Timeseries data and late arrivals

Hi there,

while working with the timeseries collections I faced several times the fact that late arriving data can be part of the use case. E.g. log statistic data from devices which are not constantly online but do provide their data in a strict timeline a “time-series” when they connect.
Since it would break the principles of timeseries data to insert late arrivals in the time series, these late party guests are a problem. I am interested to learn how you solved this.
One option I used is to buffer all incoming data and write to a timeseries collection in batches. However, when it comes to close to realtime analytics this is not the best solution. When batches are written in a low frequency you have a certain delay, if you go by higher frequencies you may need to drop some late guests or build logic on top of your buffer…

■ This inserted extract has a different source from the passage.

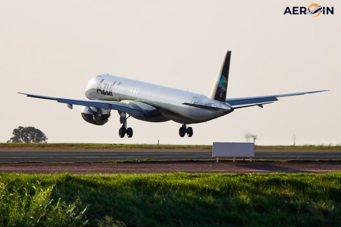 Pela primeira vez, Sinop, no Mato Grosso, recebe uma aeronave Embraer 195 E2, o maior avião comercial já fabricado no país, da Azul.

I’d like to get in a conversation here to find out if we may have other solutions and hopefully we can compile something like a best practice here.

Regrads,
Michael

Hi Michael,
Would you be able to share what kind of issues you faced when you attempted to insert late arriving data? Errors? Performance issues? In theory time series collections should be able to handle those just fine but of course we’re constantly looking for ways to improve how they work.

Thank you,

Bora

1 Like

Hello @Bora_Beran

it took me a while to make sure to split issues here. Long story short: inserting late arrivals works just fine.
I have not seem major differences between many individual inserts and batch inserts. (Batch is faster and recommended in case there are so many late arrivals… )

Issues which came up were data related. E.g. some of my 30 Mio docs converted a date to an invalid UTC date which lead to errors along the process chain, also not respecting that a date convert with no explicit timezone takes the local timezone lead to a mix of the time_series_. As well as an process issue since unvalidated client time was stored in the raw documents. I mention this since I came across this and others may get here a trigger to reflect own code and processes, the timeseries collections work fine.

I have moved a second issue to :postbox: a new post to kept issues separate

Regrads,
Michael

1 Like

This topic was automatically closed 5 days after the last reply. New replies are no longer allowed.